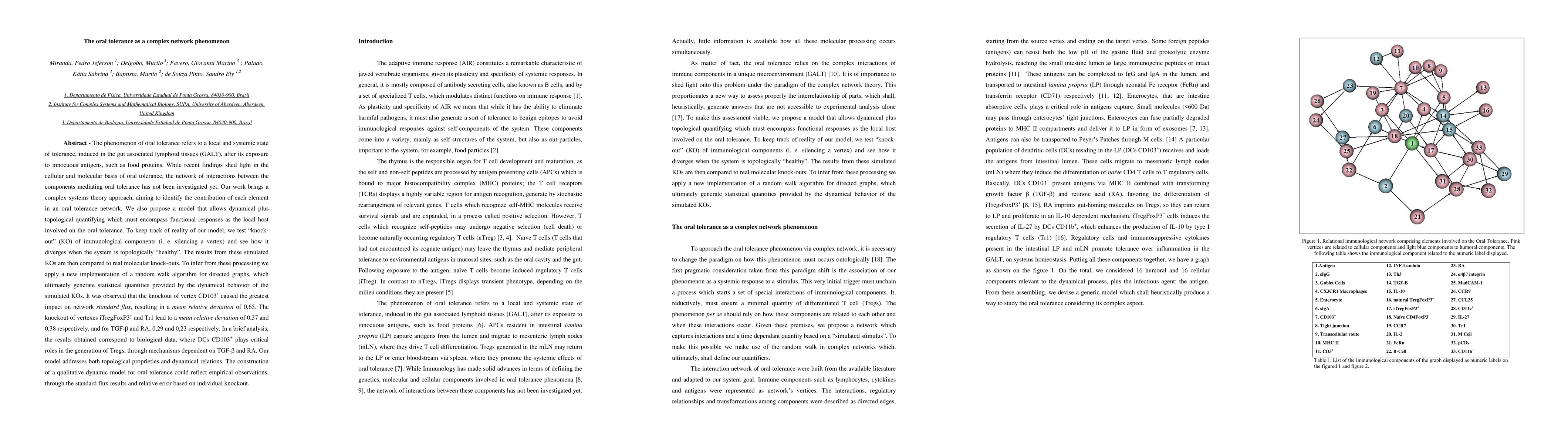 Researchers investigated oral tolerance using a complex systems theory approach, finding that specific immunological components can have significant impacts on the network's functioning. Their model demonstrates topological properties and dynamical relations in oral tolerance networks.
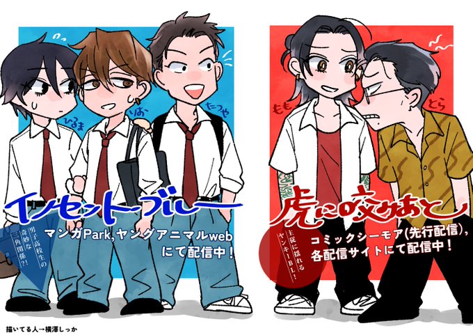 【連載情報】 🍑🐯虎に咬みあと(w/MAUVE) ■コミックシーモア cmoa.jp/title/257626/ ほか各配信サイトにて! 💙💙💙イノセント・ブルー ■マンガPark manga-park.com/title/70354?ur… ■ヤングアニマルweb younganimal.com/series/6dfc975… どちらの作品もよろしくお願いいたします! どっちも高校生☺️ #商業BL
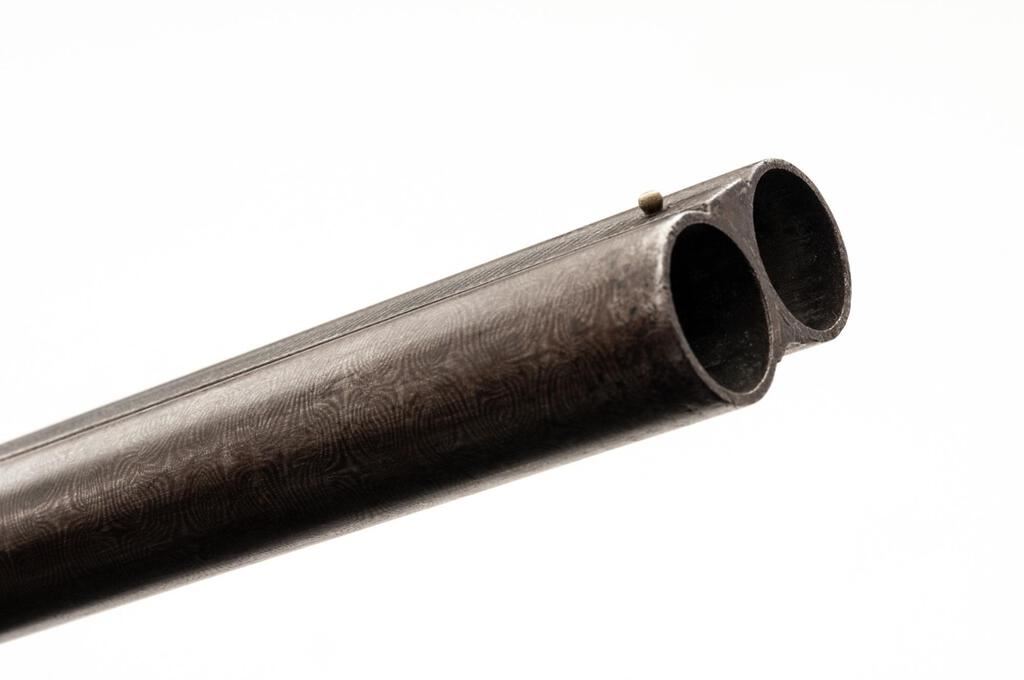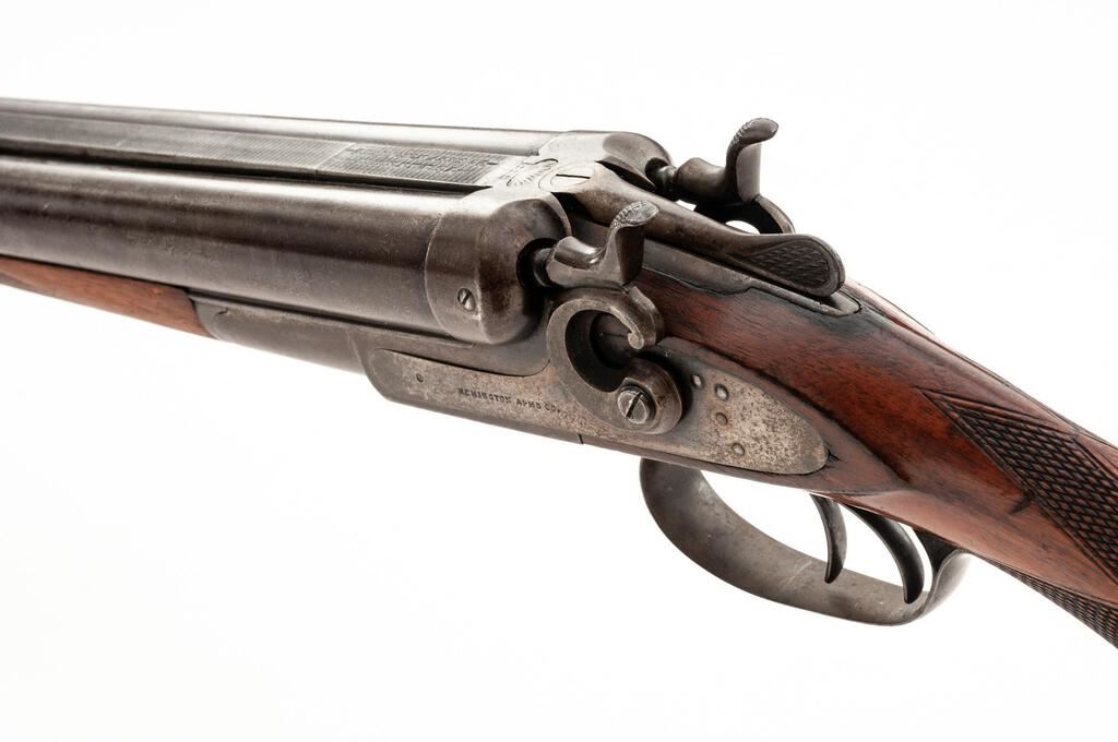 Remington Model 1889 Grade 3 Hammer-Type Side-by-Side Shotgun, #224323. 12 ga. 32" solid rib Damascus barrels have 2-3/4" chambers and are choked IM/IM. The 1889 action features lockup via dual underlugs plus doll's head rib extension, dual hammers and triggers, and simple extractors. The lockplates are unengraved except for the maker's stamp. The splinter forend and Prince of Wales round-knob pistol grip buttstock are oil-finished walnut and feature an ebony forend tip and good coverage of checkering; buttplate is missing. Mfg'd approx. 1902. Condition is good, with wood either refinished or replaced. Action closes tight but the action lever has a broken spring. Locks, triggers and hammers function correctly, as does the extractor. Approx. 50% faded Damascus finish remains, receiver has gone to a dull patina; bores are pitted. A good candidate for a restoration. Est.: $400-$500. (C&R)

======

**WORK INSTRUCTIONS:** For this exercise, repeat word for word only the lines from the one containing "どちらの作品もよろしくお願いいたします! どっちも高校生☺️ #商業BL" through the end of the data, including both. Pictures do not go in the copy.

**ANSWER BOX:**
 【連載情報】 🍑🐯虎に咬みあと(w/MAUVE) ■コミックシーモア cmoa.jp/title/257626/ ほか各配信サイトにて! 💙💙💙イノセント・ブルー ■マンガPark manga-park.com/title/70354?ur… ■ヤングアニマルweb younganimal.com/series/6dfc975… どちらの作品もよろしくお願いいたします! どっちも高校生☺️ #商業BL
 Remington Model 1889 Grade 3 Hammer-Type Side-by-Side Shotgun, #224323. 12 ga. 32" solid rib Damascus barrels have 2-3/4" chambers and are choked IM/IM. The 1889 action features lockup via dual underlugs plus doll's head rib extension, dual hammers and triggers, and simple extractors. The lockplates are unengraved except for the maker's stamp. The splinter forend and Prince of Wales round-knob pistol grip buttstock are oil-finished walnut and feature an ebony forend tip and good coverage of checkering; buttplate is missing. Mfg'd approx. 1902. Condition is good, with wood either refinished or replaced. Action closes tight but the action lever has a broken spring. Locks, triggers and hammers function correctly, as does the extractor. Approx. 50% faded Damascus finish remains, receiver has gone to a dull patina; bores are pitted. A good candidate for a restoration. Est.: $400-$500. (C&R)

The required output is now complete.